С этим жилищем было связано немало грустных преданий о разлученных сердцах и разбитой любви, которые, как паутина, всегда вьются по стенам старых домов. Под более искусной рукой, чем наша, эти легенды могли бы превратиться в занимательные и трогательные истории, но наши скромные усилия ограничиваются стремлением описывать человека, каким его создал господь, низменного и малодостойного в глазах высоко парящих умов. Обладателям такого завидного ума нам хочется заранее сказать, что мы решительно отрекаемся от всего сверхъестественно утонченного, как от дьявола, и уведомляем всех, кому скучно в обществе себе подобных, что, чем скорее они забросят эту книгу и примутся за чтение произведений более высокоодаренного барда, тем скорее расстанутся с землей, хотя, быть может, и не достигнут небес. Мы будем изображать только человека и те благородные подмостки, на которых он выступает, но не во мгле отвлеченностей и метафизических противоречий, а лишь в его осязаемой природе, дабы все могли понять нас, как мы сами себя понимаем. Тем самым мы решительно отклоняем великое преимущество прослыть гением, отказываясь — возможно, неразумно — от могущественной помощи непонятного в обретении такого звания.

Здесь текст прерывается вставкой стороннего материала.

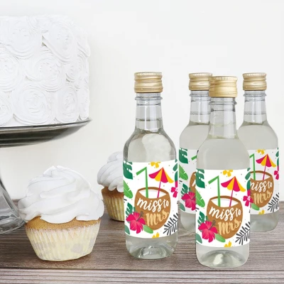 Last Luau Mini Wine and Champagne Bottle Labels INCLUDES Set of 16 Tiki Luau single-serve bottle sticker labels in the Last Luau theme, perfect for a Hawaiian Bachelorette Party favor gift. Mini wine and champagne bottle label each SIZE 3.75 inches wide x 2.6 inches tall to fit small, single-serve bottles. EASY TO USE: Prepare your beverage bottles by ensuring they are room temperature. Removing the original bottle label is not necessary. Carefully peel one adhesive Tiki Luau Mini Wine Bottle Label from the backing and adhere to a bottle, starting at the left edge and rolling to the opposite edge. Press down to smooth. HIGH QUALITY PARTY FAVORS: Last Luau mini wine and champagne bottle labels are professionally printed on a sticker paper with a glossy coating. They are waterproof and can be used on bottles that will be chilled, just be sure to apply prior to chilling. Add them single-serve bottles at each place setting for an impressive, coordinated Summer Bachelorette Party or Bridal Shower favor gift. UNIQUE GIFT IDEA: Last Luau Mini Wine Bottle Labels also make a great gift idea. Add Mini Wine and Champagne Bottle Label Stickers to a variety of single-serve wine and spirits bottles for a special gift or party game winner prize. Wine bottle labels will easily give your Tiki Bridal Shower a personal touch! MADE IN THE USA: Last Luau Mini Wine and Champagne Bottle Label Stickers are made at our Wisconsin facility using materials that are Made in the USA. Please Note: Mini bottles in image are not included.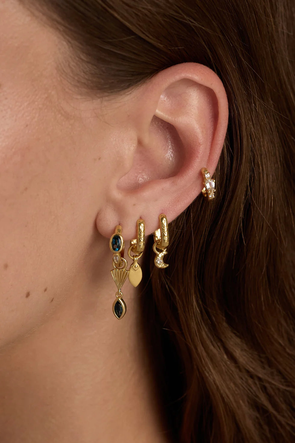 These textured huggies sparkle with a rich oval London Blue Topaz and a cheeky marquise Cubic Zirconia.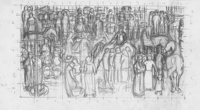 Wandteppichentwurf-Marktplatzszene, 1954, 21 x 36 cm, Zeichnung, Bleistift auf Zeichenpapier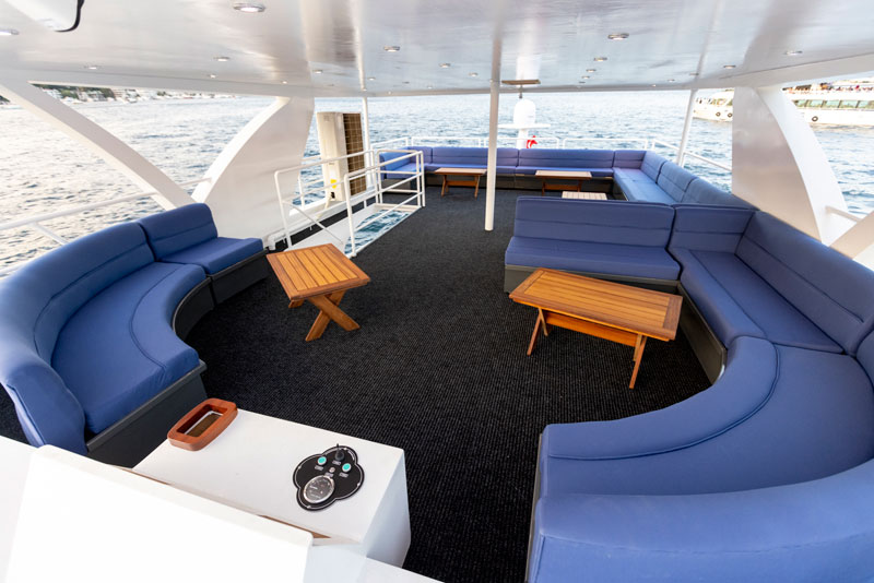 - Facilities: Kitchen, shower, bar, sunbathing area with cushions, dance floor.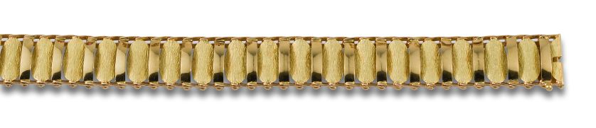 Pulsera, años 70, de eslabones lisos y mates de oro amarillo de 18 kt. Con cadenita de seguridad. Peso: 36,80 gr. Peso: 36,80 gr.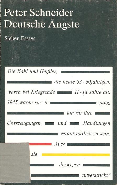 Deutsche Ängste : 7 Essays / Peter Schneider. - Darmstadt : Luchterhand, 1988. - 120, [1] s. ; 18 cm.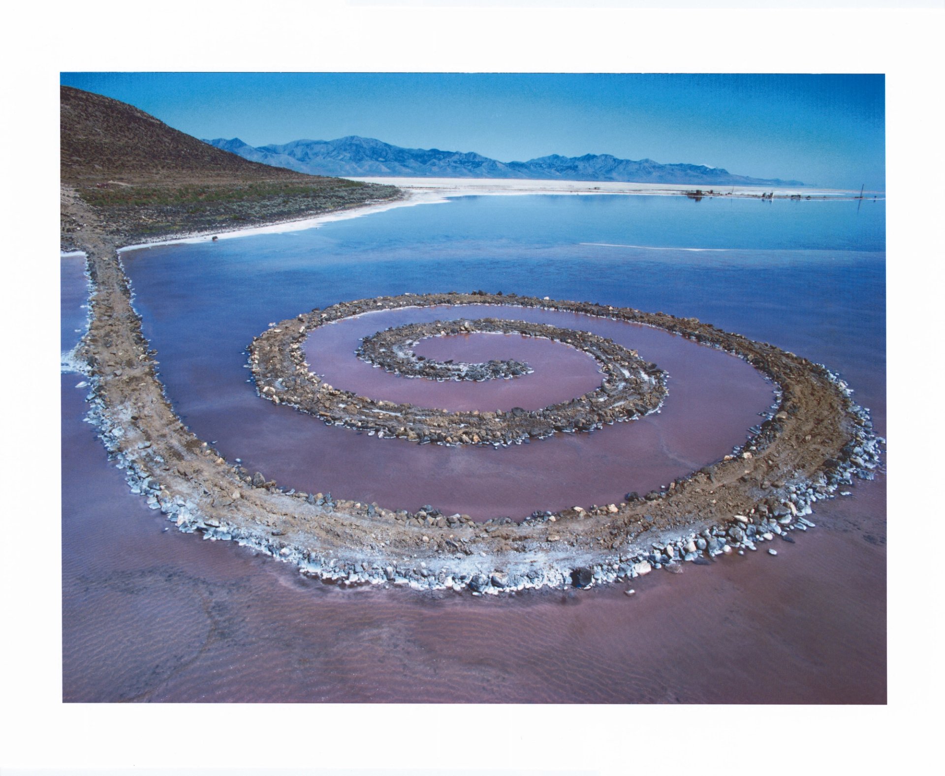 Spiral Jetty by Robert Smithson, photograph by Gianfranco Gorgoni Collection of the Nevada Museum of Art, The Altered Landscape, Carol Franc Buck Collection

Покинув мрачные утесы, под сень которых, как мы видели, вошел маленький «Ариэль», и хаос ревущего прибоя вокруг него, мы попытаемся перенести читателя в трапезную аббатства Святой Руфи, избрав вечер того же дня, чтобы представить группу других действующих лиц, чьи поступки и характеры мы взяли на себя описать.
Комната эта, не слишком больших размеров, была ярко освещена огнем свечей и веселым пламенем угля в камине. Отражаясь в резьбе панелей из темного дуба, лучи падали пятнами на массивный стол красного дерева и преломлялись в искристом вине, образуя на дереве стен светлые и темные круги. Картину комфорта дополняли темно-красные занавеси из камчатной ткани, огромные дубовые кресла с кожаными спинками и мягкими сиденьями, и казалось, будто комната наглухо отделена от внешнего мира и его холодной суеты.

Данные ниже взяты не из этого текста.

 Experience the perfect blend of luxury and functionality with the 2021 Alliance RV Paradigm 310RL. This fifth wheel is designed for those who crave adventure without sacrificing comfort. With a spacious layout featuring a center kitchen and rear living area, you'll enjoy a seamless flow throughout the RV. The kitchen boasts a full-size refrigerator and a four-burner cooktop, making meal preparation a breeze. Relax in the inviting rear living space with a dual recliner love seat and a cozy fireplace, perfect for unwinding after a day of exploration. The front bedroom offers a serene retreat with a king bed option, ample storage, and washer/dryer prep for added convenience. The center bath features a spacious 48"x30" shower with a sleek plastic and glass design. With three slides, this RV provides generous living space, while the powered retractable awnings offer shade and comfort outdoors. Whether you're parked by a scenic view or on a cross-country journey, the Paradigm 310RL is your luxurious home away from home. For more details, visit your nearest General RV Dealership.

За столом, который, как и в прежние времена, стоял посредине комнаты, сидело три джентльмена, только что окончивших сытную и вкусную трапезу. Скатерть была уже снята, и бутылка неторопливо переходила из рук в руки, словно те, кто вкушал ее содержимое, были уверены, что никакие случайности не помешают их обычному послеобеденному развлечению.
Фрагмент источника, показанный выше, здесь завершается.